EXERCISE REQUIREMENTS: The response must reproduce every record in full.
***
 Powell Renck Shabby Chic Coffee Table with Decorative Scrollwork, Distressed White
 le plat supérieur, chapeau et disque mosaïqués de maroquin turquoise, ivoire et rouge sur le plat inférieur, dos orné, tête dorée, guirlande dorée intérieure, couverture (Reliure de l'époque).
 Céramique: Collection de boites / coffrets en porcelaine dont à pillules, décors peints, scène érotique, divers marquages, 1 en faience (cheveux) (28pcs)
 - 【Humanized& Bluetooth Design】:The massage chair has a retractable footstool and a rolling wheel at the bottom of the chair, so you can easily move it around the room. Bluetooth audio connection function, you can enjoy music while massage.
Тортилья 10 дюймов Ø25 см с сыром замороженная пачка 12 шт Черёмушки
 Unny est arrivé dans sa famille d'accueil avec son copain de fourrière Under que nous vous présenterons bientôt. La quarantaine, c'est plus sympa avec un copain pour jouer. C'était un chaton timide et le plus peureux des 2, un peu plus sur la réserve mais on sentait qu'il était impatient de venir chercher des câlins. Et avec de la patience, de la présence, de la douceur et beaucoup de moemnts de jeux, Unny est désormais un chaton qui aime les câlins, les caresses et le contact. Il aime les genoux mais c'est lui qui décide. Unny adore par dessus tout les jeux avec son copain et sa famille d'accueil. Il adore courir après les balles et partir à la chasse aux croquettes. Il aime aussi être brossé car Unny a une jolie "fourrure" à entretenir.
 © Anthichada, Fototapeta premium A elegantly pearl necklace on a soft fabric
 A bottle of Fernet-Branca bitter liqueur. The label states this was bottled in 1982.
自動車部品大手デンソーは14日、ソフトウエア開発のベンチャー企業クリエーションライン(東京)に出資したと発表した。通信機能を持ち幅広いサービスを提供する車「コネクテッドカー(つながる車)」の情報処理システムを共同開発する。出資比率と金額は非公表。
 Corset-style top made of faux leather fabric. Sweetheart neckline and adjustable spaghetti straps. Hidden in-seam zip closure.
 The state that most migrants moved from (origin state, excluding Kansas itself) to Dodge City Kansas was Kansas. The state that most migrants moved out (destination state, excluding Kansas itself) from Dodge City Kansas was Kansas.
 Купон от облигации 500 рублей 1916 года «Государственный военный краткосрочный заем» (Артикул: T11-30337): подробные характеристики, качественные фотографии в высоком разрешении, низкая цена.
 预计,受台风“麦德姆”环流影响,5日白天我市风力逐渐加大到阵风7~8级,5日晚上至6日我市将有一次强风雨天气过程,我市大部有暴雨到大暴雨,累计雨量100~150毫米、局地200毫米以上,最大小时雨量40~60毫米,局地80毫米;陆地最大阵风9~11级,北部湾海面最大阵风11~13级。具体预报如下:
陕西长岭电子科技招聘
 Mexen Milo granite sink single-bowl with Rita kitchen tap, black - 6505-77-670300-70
***
SOLUTION:
 Powell Renck Shabby Chic Coffee Table with Decorative Scrollwork, Distressed White
 le plat supérieur, chapeau et disque mosaïqués de maroquin turquoise, ivoire et rouge sur le plat inférieur, dos orné, tête dorée, guirlande dorée intérieure, couverture (Reliure de l'époque).
 Céramique: Collection de boites / coffrets en porcelaine dont à pillules, décors peints, scène érotique, divers marquages, 1 en faience (cheveux) (28pcs)
 - 【Humanized& Bluetooth Design】:The massage chair has a retractable footstool and a rolling wheel at the bottom of the chair, so you can easily move it around the room. Bluetooth audio connection function, you can enjoy music while massage.
Тортилья 10 дюймов Ø25 см с сыром замороженная пачка 12 шт Черёмушки
 Unny est arrivé dans sa famille d'accueil avec son copain de fourrière Under que nous vous présenterons bientôt. La quarantaine, c'est plus sympa avec un copain pour jouer. C'était un chaton timide et le plus peureux des 2, un peu plus sur la réserve mais on sentait qu'il était impatient de venir chercher des câlins. Et avec de la patience, de la présence, de la douceur et beaucoup de moemnts de jeux, Unny est désormais un chaton qui aime les câlins, les caresses et le contact. Il aime les genoux mais c'est lui qui décide. Unny adore par dessus tout les jeux avec son copain et sa famille d'accueil. Il adore courir après les balles et partir à la chasse aux croquettes. Il aime aussi être brossé car Unny a une jolie "fourrure" à entretenir.
 © Anthichada, Fototapeta premium A elegantly pearl necklace on a soft fabric
 A bottle of Fernet-Branca bitter liqueur. The label states this was bottled in 1982.
自動車部品大手デンソーは14日、ソフトウエア開発のベンチャー企業クリエーションライン(東京)に出資したと発表した。通信機能を持ち幅広いサービスを提供する車「コネクテッドカー(つながる車)」の情報処理システムを共同開発する。出資比率と金額は非公表。
 Corset-style top made of faux leather fabric. Sweetheart neckline and adjustable spaghetti straps. Hidden in-seam zip closure.
 The state that most migrants moved from (origin state, excluding Kansas itself) to Dodge City Kansas was Kansas. The state that most migrants moved out (destination state, excluding Kansas itself) from Dodge City Kansas was Kansas.
 Купон от облигации 500 рублей 1916 года «Государственный военный краткосрочный заем» (Артикул: T11-30337): подробные характеристики, качественные фотографии в высоком разрешении, низкая цена.
 预计,受台风“麦德姆”环流影响,5日白天我市风力逐渐加大到阵风7~8级,5日晚上至6日我市将有一次强风雨天气过程,我市大部有暴雨到大暴雨,累计雨量100~150毫米、局地200毫米以上,最大小时雨量40~60毫米,局地80毫米;陆地最大阵风9~11级,北部湾海面最大阵风11~13级。具体预报如下:
陕西长岭电子科技招聘
 Mexen Milo granite sink single-bowl with Rita kitchen tap, black - 6505-77-670300-70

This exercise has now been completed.